_DATA SECTION_.

+ + + + +

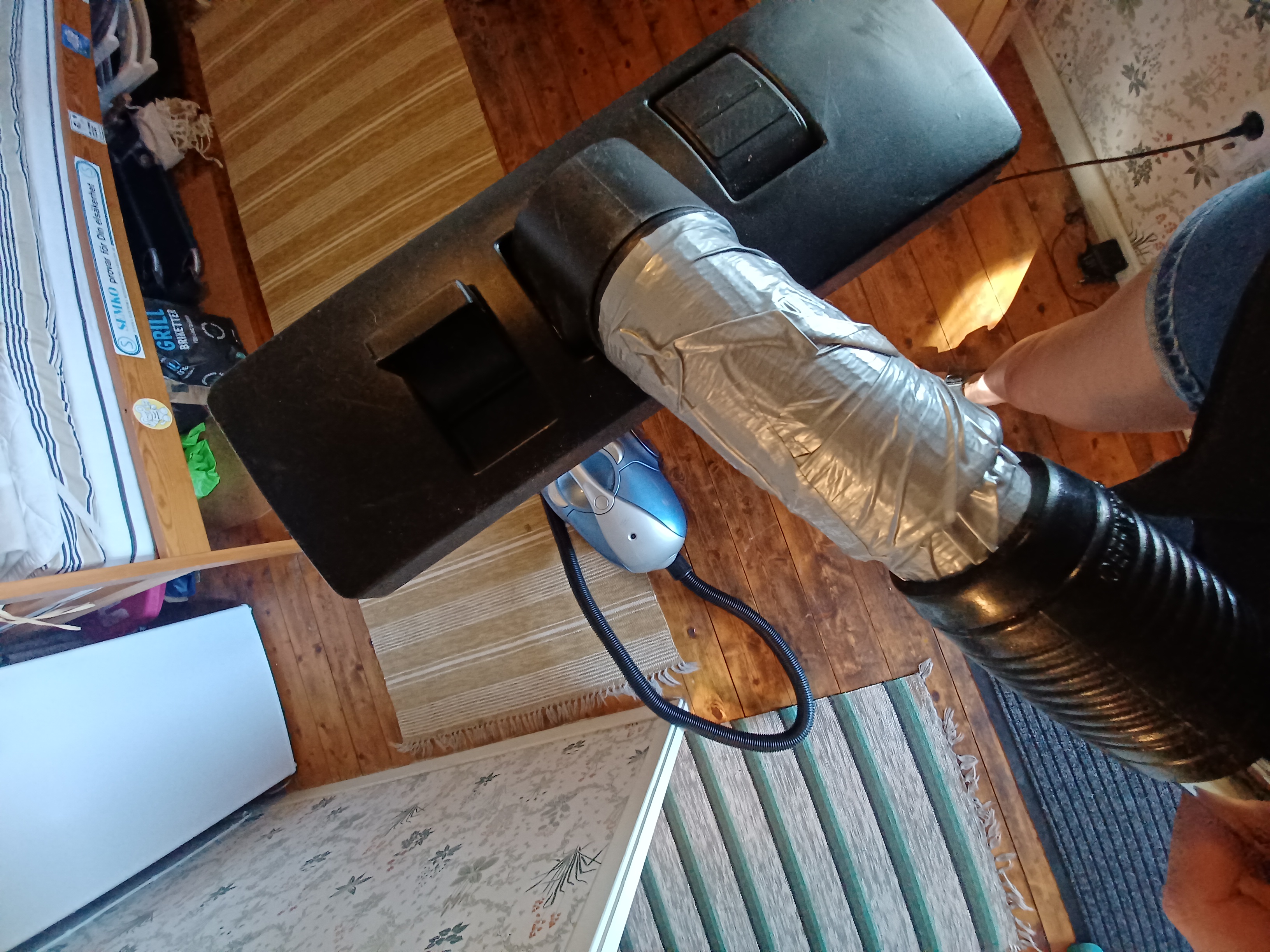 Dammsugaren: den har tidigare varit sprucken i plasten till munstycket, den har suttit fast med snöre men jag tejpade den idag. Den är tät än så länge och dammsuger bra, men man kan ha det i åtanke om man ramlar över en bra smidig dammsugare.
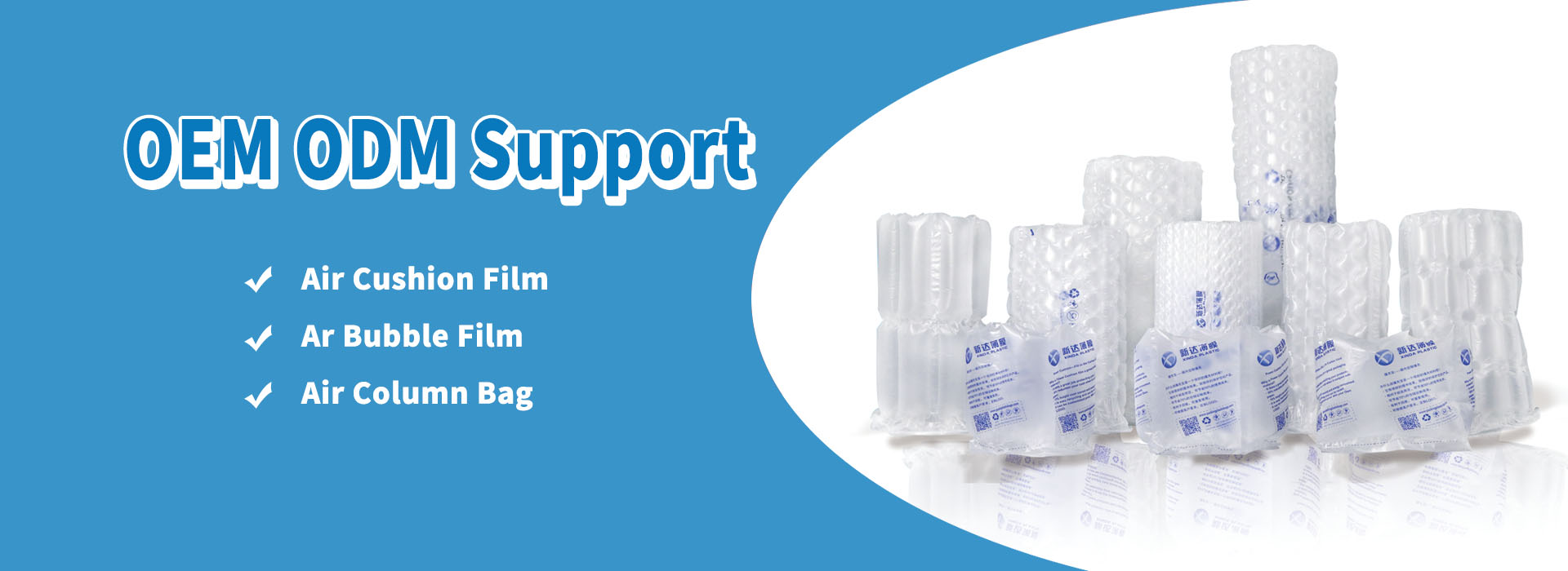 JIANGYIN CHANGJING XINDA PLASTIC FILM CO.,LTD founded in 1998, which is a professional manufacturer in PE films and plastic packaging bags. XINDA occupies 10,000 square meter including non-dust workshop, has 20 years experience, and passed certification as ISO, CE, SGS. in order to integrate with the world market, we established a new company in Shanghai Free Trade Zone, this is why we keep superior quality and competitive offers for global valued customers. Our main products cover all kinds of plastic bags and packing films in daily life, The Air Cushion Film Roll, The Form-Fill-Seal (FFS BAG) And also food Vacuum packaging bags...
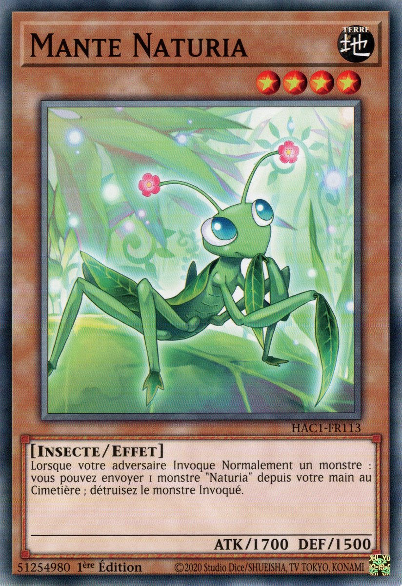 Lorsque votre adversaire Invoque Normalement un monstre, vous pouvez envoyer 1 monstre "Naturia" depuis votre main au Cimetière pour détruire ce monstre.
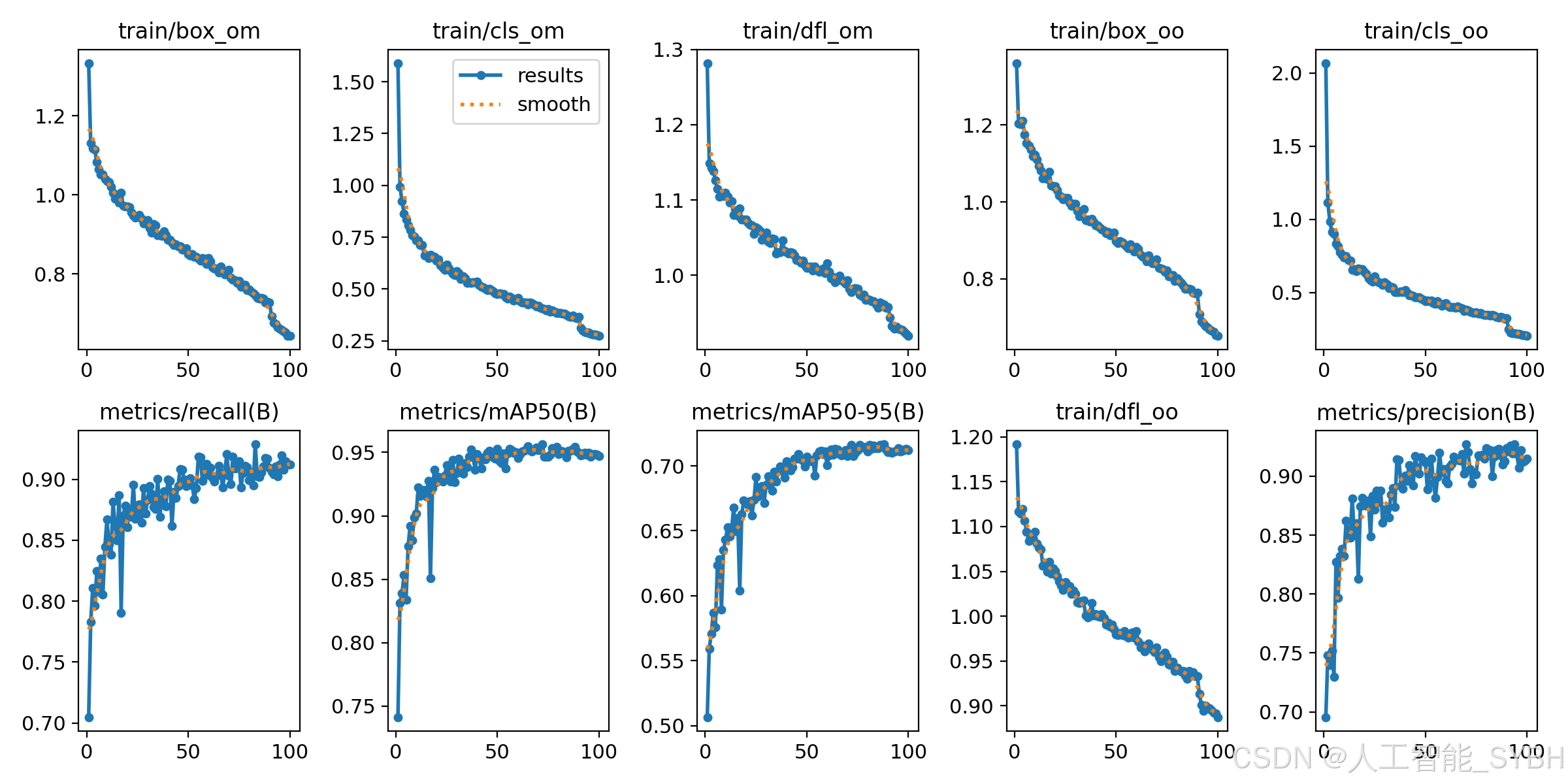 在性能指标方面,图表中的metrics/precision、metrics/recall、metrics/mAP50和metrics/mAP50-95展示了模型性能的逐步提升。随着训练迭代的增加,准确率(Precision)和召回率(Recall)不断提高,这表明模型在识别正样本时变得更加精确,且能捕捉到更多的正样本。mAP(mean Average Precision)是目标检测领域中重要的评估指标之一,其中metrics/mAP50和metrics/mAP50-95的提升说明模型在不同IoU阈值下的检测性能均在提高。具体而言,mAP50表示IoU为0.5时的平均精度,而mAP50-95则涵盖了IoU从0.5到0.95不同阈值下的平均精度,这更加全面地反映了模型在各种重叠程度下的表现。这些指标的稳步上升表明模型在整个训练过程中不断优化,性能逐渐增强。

+ + + + +

_WHAT THE TASK ASKS_.
Write out the data word for word, with every picture dropped.

_RESULT_.
 Dammsugaren: den har tidigare varit sprucken i plasten till munstycket, den har suttit fast med snöre men jag tejpade den idag. Den är tät än så länge och dammsuger bra, men man kan ha det i åtanke om man ramlar över en bra smidig dammsugare.
 JIANGYIN CHANGJING XINDA PLASTIC FILM CO.,LTD founded in 1998, which is a professional manufacturer in PE films and plastic packaging bags. XINDA occupies 10,000 square meter including non-dust workshop, has 20 years experience, and passed certification as ISO, CE, SGS. in order to integrate with the world market, we established a new company in Shanghai Free Trade Zone, this is why we keep superior quality and competitive offers for global valued customers. Our main products cover all kinds of plastic bags and packing films in daily life, The Air Cushion Film Roll, The Form-Fill-Seal (FFS BAG) And also food Vacuum packaging bags...
 Lorsque votre adversaire Invoque Normalement un monstre, vous pouvez envoyer 1 monstre "Naturia" depuis votre main au Cimetière pour détruire ce monstre.
 在性能指标方面,图表中的metrics/precision、metrics/recall、metrics/mAP50和metrics/mAP50-95展示了模型性能的逐步提升。随着训练迭代的增加,准确率(Precision)和召回率(Recall)不断提高,这表明模型在识别正样本时变得更加精确,且能捕捉到更多的正样本。mAP(mean Average Precision)是目标检测领域中重要的评估指标之一,其中metrics/mAP50和metrics/mAP50-95的提升说明模型在不同IoU阈值下的检测性能均在提高。具体而言,mAP50表示IoU为0.5时的平均精度,而mAP50-95则涵盖了IoU从0.5到0.95不同阈值下的平均精度,这更加全面地反映了模型在各种重叠程度下的表现。这些指标的稳步上升表明模型在整个训练过程中不断优化,性能逐渐增强。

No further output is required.